Activity: Since pictures are not wanted, repeat only the text of the records, word for word.

Data to use:
------------------------------

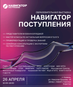 26 апреля в Казани пройдет крупнейшая образовательная выставка "Навигатор Поступления". Наш Институт филологии и межкультурной коммуникации будет принимать участие в выставке. Приглашаем Вас посетить мероприятие. Вы сможете задать любые вопросы о наших программах подготовки и правилах поступления, возможностях практики и трудоустройства, студенческой жизни и, конечно, задать любые волнующие вас вопросы!
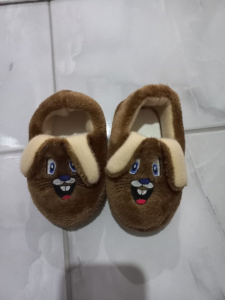 Kızlar için kahverengi nakışlı yüz detaylı, yumuşak kürklü sıcak ve rahat terlikler.
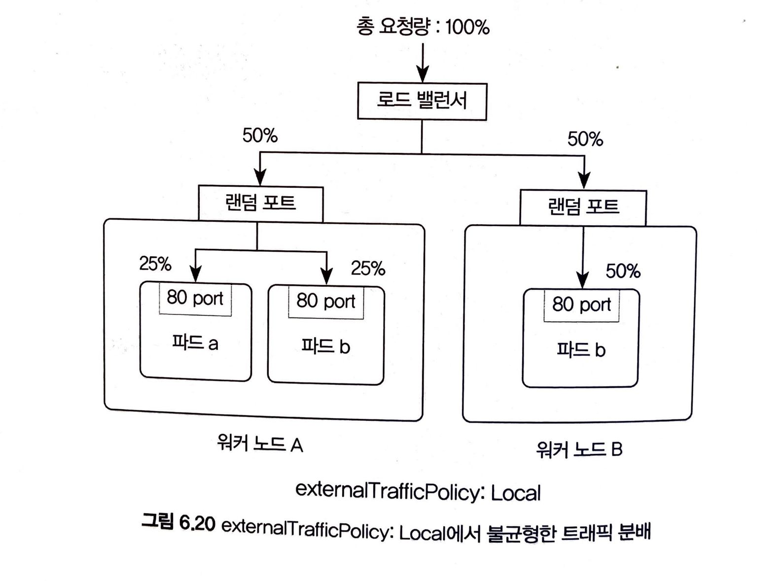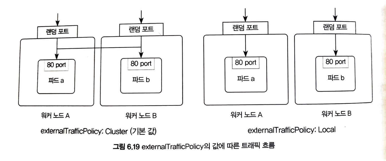 외부 트래픽은 노드 중 하나로 보내지고, 그 노드에서 다시 파드 중 하나로 전달된다. 모든 노드의 랜덤 포트를 개방하면 노드에서 파드를 선택하는 과정에서 자신 파드가 아닌 다른 노드의 파드에 전달할 수도 있다. 이렇게 되면 불필요한 네트워크 hop이 발생하고, 클라이언트의 IP 주소가 보존되지 않는다.
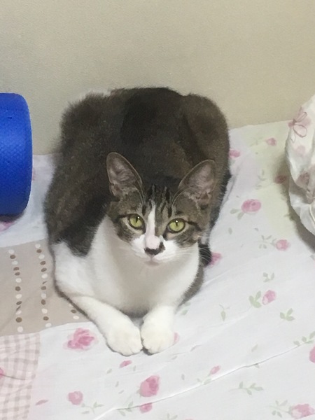 | 特徴(性格など) | 雑種、キジ白です。 臆病で大人しいですが、懐くとベッタリで膝の上に乗ったり一緒に寝るような子です。お外には興味がなく、脱走などはありません。 |
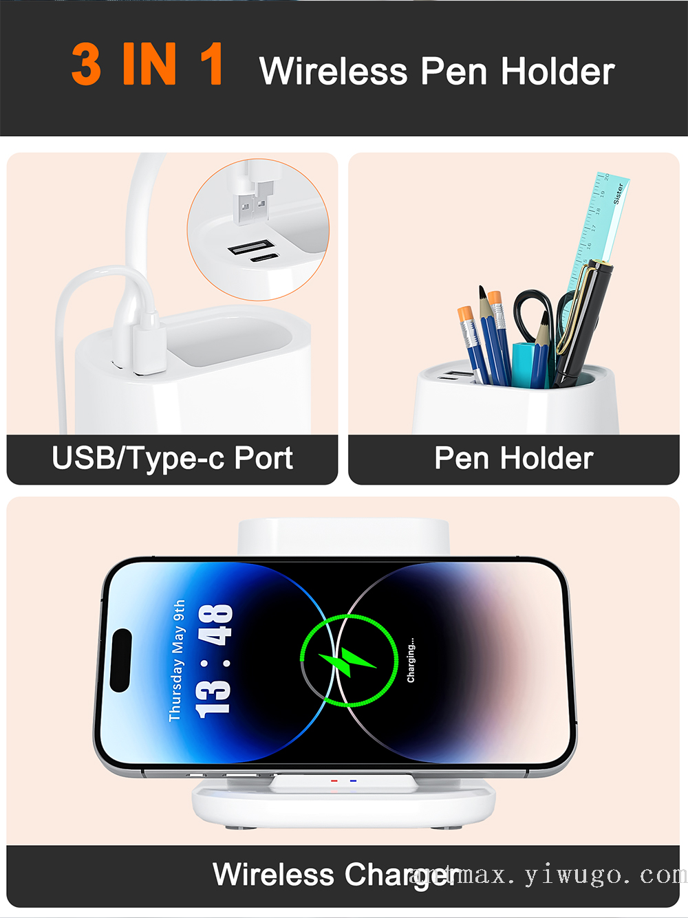 Pen Holder Phone Holder Wireless Charger 中文版
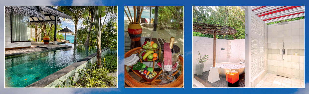 Per Bicycle (Fahrservice gibt’s auch) und im Schatten tropischer Gewächse radle ich drauf los und über einen Steg erreiche ich das Hauptrestaurant „The Palms“. Champagner zum Frühstück? Ich gönne mir, nein „teste“ das Konzept INDULGENCE™ Plan. Damit gibt es keine überraschende Nebenkosten, denn sowohl die Gourmet-Verpflegung sowie handverlesene Champagner, weltbekannte Gin Sorten, feinste Whiskeyauswahl, renommierte Weine und leckere Cocktails gehören zum Angebot. Und tatsächlich, bei der Endabrechnung finde ich keinen derartigen Posten auf der Abschlussrechnung. Dafür habe ich im OZEN-Shop „zugeschlagen“, eben all das, was man für einen Malediven-Urlaub braucht (oder zuhause vergessen hat).
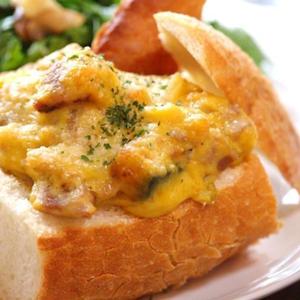 くり抜いたパンにかぼちゃのシチューが華やかな、見た目にもおしゃれでかわいい一品です。なめらかで甘みを感じるシチューにパンはもちろん相性抜群♪朝食やランチ、ちょっとしたパーティーにもオススメです。
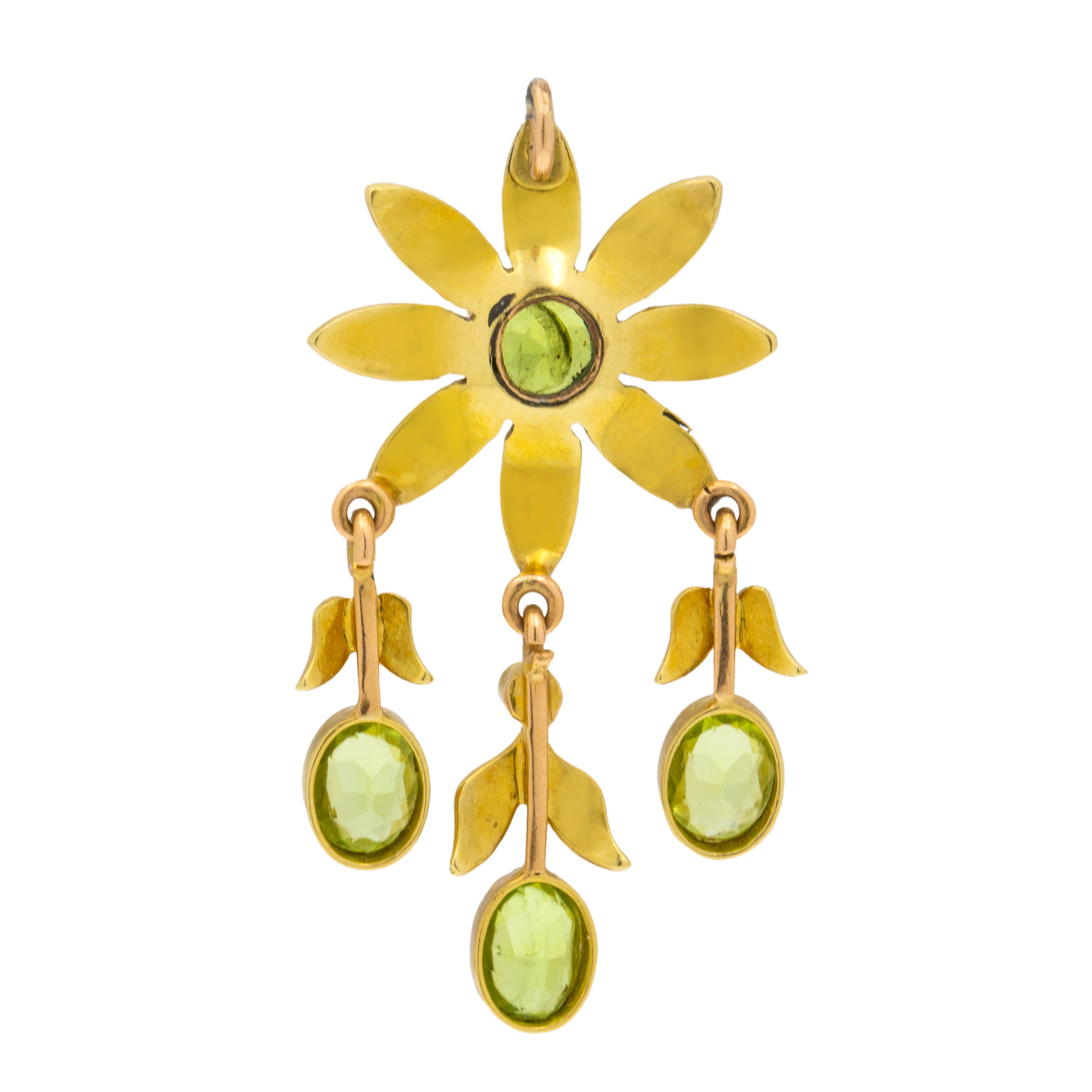 Edwardian 18ct Gold Peridot Pearl Flower Drop Pendant, 2.60ct
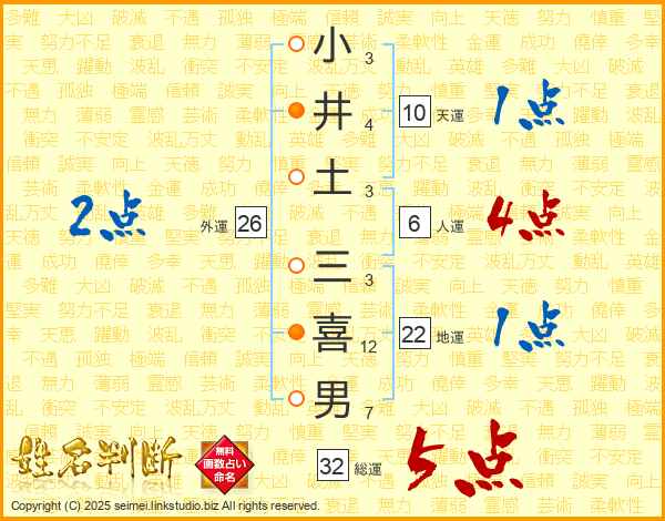 小(3画)井(4画)土(3画) 三(3画)喜(12画)男(7画)
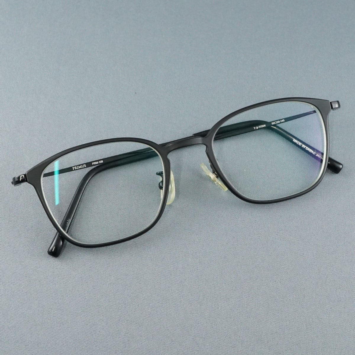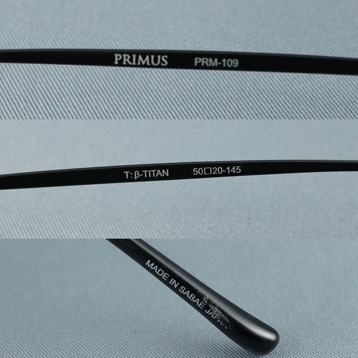 PRIMUS 眼鏡 USED美品 PRM-109 プリムス 鯖江製 チタン ブラック 黒縁 ウェリントン ユニセックス 中古 アイウェア X8856
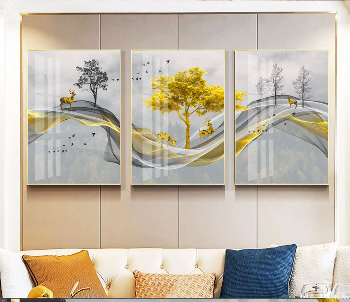 - Nội dung, chủ đề, không gian ứng dụng: Tranh treo phù hợp cho các không gian như phòng khách, phòng ngủ, phòng ăn hoặc các phòng chức năng khác trong không gian nhà ở gia đình. Xu hướng sử dụng tranh bộ, tranh ghép trong trang trí nội thất đang lên ngôi trong những năm gần đây. Dòng tranh hiện đại này không những đẹp, bền, nhẹ, dễ dàng lắp đặt mà còn có giá thành phù hợp với nhiều nhóm đối tượng khác nhau. Dòng tranh bộ với nhiều chủ đề khác nhau rất dễ phối hợp trong các không gian nội thất, bạn có thể treo tranh với bất kỳ các mảng tường trống trải nào trong phòng ngủ, phòng khách, hay phòng ăn, bạn cũng có thể treo tại các không gian công cộng khác như văn phòng làm việc, quán coffe, spa hay bất cứ nơi nào bạn thấy thích. là một trong những điểm nhấn trong căn nhà của bạn, giúp không gian nhà ở thêm ấn tượng, đẹp mắt. Đối với những sành nghệ thuật thì đây chính là thú vui tao nhã, tăng thêm niềm hứng khởi, động lực cho ngày làm việc mới hay có những phút giây thư giãn thoải mái khi quay trở về mái ấm của mình.
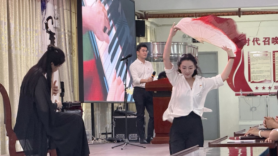 6月20日,小分队奔赴叶城县第三中学,开展《党旗下的誓言——从伟大建党精神中汲取奋进的力量》音乐特色专题党课,结合历史事件,精心编排内容,通过对红色经典音乐作品的详细介绍及生动演绎,让现场师生重温党的奋斗历程。“我们生在红旗下,长在春风里,目光所至,皆为华夏……”现场学生与党课主讲人云昊泓一起说出心声。
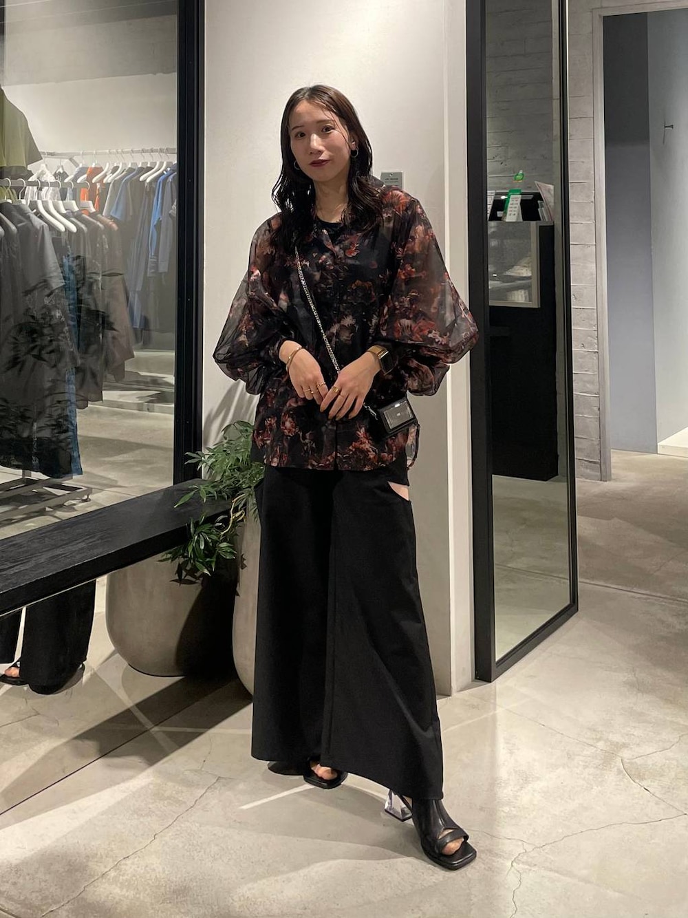 153cm/骨格ウェーブ ■シャツ HAREらしい花柄シアーシャツ✨ ゆるっとしたサイズ感です! 透け感が少し抑えめなタイプで露出控えめなのも◎
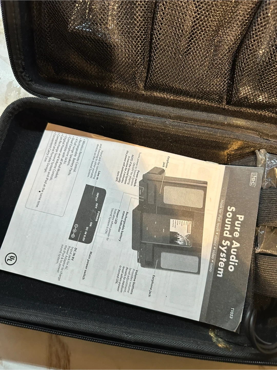This iTEC Pure Audio Sound System is designed for iPods, radio, music, and video playback. It's portable and comes with a protective case. The system features a rechargeable battery and multiple power options.
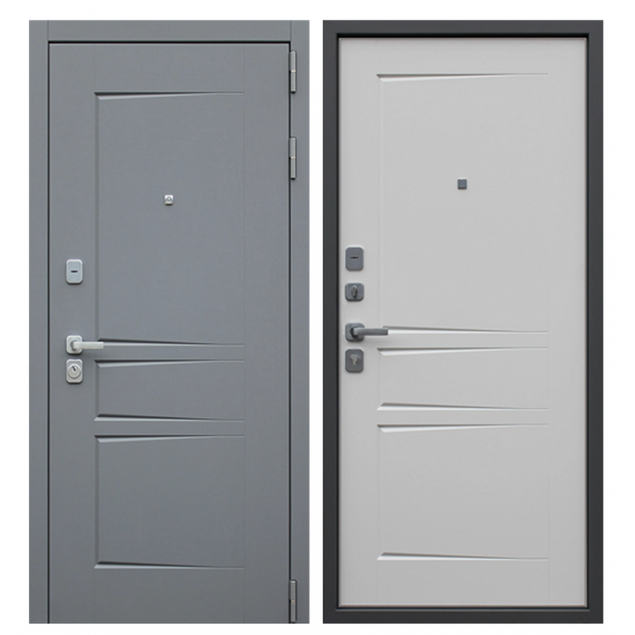 | Внешняя отделка | Лист металла 1,5 мм. Экошпонированная панель МДФ 10 мм. Объемная фрезеровка. Цвет "силк титан". Наличник МДФ 80 мм. |
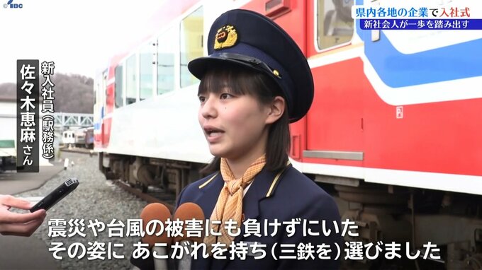 新たに三陸鉄道に加わったのは、駅員を務めることになる佐々木恵麻さん18歳に、臨時社員から正社員に任用された3人を加えたあわせて4人です。

------------------------------

Written response:
 26 апреля в Казани пройдет крупнейшая образовательная выставка "Навигатор Поступления". Наш Институт филологии и межкультурной коммуникации будет принимать участие в выставке. Приглашаем Вас посетить мероприятие. Вы сможете задать любые вопросы о наших программах подготовки и правилах поступления, возможностях практики и трудоустройства, студенческой жизни и, конечно, задать любые волнующие вас вопросы!
 Kızlar için kahverengi nakışlı yüz detaylı, yumuşak kürklü sıcak ve rahat terlikler.
 외부 트래픽은 노드 중 하나로 보내지고, 그 노드에서 다시 파드 중 하나로 전달된다. 모든 노드의 랜덤 포트를 개방하면 노드에서 파드를 선택하는 과정에서 자신 파드가 아닌 다른 노드의 파드에 전달할 수도 있다. 이렇게 되면 불필요한 네트워크 hop이 발생하고, 클라이언트의 IP 주소가 보존되지 않는다.
 | 特徴(性格など) | 雑種、キジ白です。 臆病で大人しいですが、懐くとベッタリで膝の上に乗ったり一緒に寝るような子です。お外には興味がなく、脱走などはありません。 |
 Pen Holder Phone Holder Wireless Charger 中文版
 Per Bicycle (Fahrservice gibt’s auch) und im Schatten tropischer Gewächse radle ich drauf los und über einen Steg erreiche ich das Hauptrestaurant „The Palms“. Champagner zum Frühstück? Ich gönne mir, nein „teste“ das Konzept INDULGENCE™ Plan. Damit gibt es keine überraschende Nebenkosten, denn sowohl die Gourmet-Verpflegung sowie handverlesene Champagner, weltbekannte Gin Sorten, feinste Whiskeyauswahl, renommierte Weine und leckere Cocktails gehören zum Angebot. Und tatsächlich, bei der Endabrechnung finde ich keinen derartigen Posten auf der Abschlussrechnung. Dafür habe ich im OZEN-Shop „zugeschlagen“, eben all das, was man für einen Malediven-Urlaub braucht (oder zuhause vergessen hat).
 くり抜いたパンにかぼちゃのシチューが華やかな、見た目にもおしゃれでかわいい一品です。なめらかで甘みを感じるシチューにパンはもちろん相性抜群♪朝食やランチ、ちょっとしたパーティーにもオススメです。
 Edwardian 18ct Gold Peridot Pearl Flower Drop Pendant, 2.60ct
 小(3画)井(4画)土(3画) 三(3画)喜(12画)男(7画)
 PRIMUS 眼鏡 USED美品 PRM-109 プリムス 鯖江製 チタン ブラック 黒縁 ウェリントン ユニセックス 中古 アイウェア X8856
 - Nội dung, chủ đề, không gian ứng dụng: Tranh treo phù hợp cho các không gian như phòng khách, phòng ngủ, phòng ăn hoặc các phòng chức năng khác trong không gian nhà ở gia đình. Xu hướng sử dụng tranh bộ, tranh ghép trong trang trí nội thất đang lên ngôi trong những năm gần đây. Dòng tranh hiện đại này không những đẹp, bền, nhẹ, dễ dàng lắp đặt mà còn có giá thành phù hợp với nhiều nhóm đối tượng khác nhau. Dòng tranh bộ với nhiều chủ đề khác nhau rất dễ phối hợp trong các không gian nội thất, bạn có thể treo tranh với bất kỳ các mảng tường trống trải nào trong phòng ngủ, phòng khách, hay phòng ăn, bạn cũng có thể treo tại các không gian công cộng khác như văn phòng làm việc, quán coffe, spa hay bất cứ nơi nào bạn thấy thích. là một trong những điểm nhấn trong căn nhà của bạn, giúp không gian nhà ở thêm ấn tượng, đẹp mắt. Đối với những sành nghệ thuật thì đây chính là thú vui tao nhã, tăng thêm niềm hứng khởi, động lực cho ngày làm việc mới hay có những phút giây thư giãn thoải mái khi quay trở về mái ấm của mình.
 6月20日,小分队奔赴叶城县第三中学,开展《党旗下的誓言——从伟大建党精神中汲取奋进的力量》音乐特色专题党课,结合历史事件,精心编排内容,通过对红色经典音乐作品的详细介绍及生动演绎,让现场师生重温党的奋斗历程。“我们生在红旗下,长在春风里,目光所至,皆为华夏……”现场学生与党课主讲人云昊泓一起说出心声。
 153cm/骨格ウェーブ ■シャツ HAREらしい花柄シアーシャツ✨ ゆるっとしたサイズ感です! 透け感が少し抑えめなタイプで露出控えめなのも◎
This iTEC Pure Audio Sound System is designed for iPods, radio, music, and video playback. It's portable and comes with a protective case. The system features a rechargeable battery and multiple power options.
 | Внешняя отделка | Лист металла 1,5 мм. Экошпонированная панель МДФ 10 мм. Объемная фрезеровка. Цвет "силк титан". Наличник МДФ 80 мм. |
 新たに三陸鉄道に加わったのは、駅員を務めることになる佐々木恵麻さん18歳に、臨時社員から正社員に任用された3人を加えたあわせて4人です。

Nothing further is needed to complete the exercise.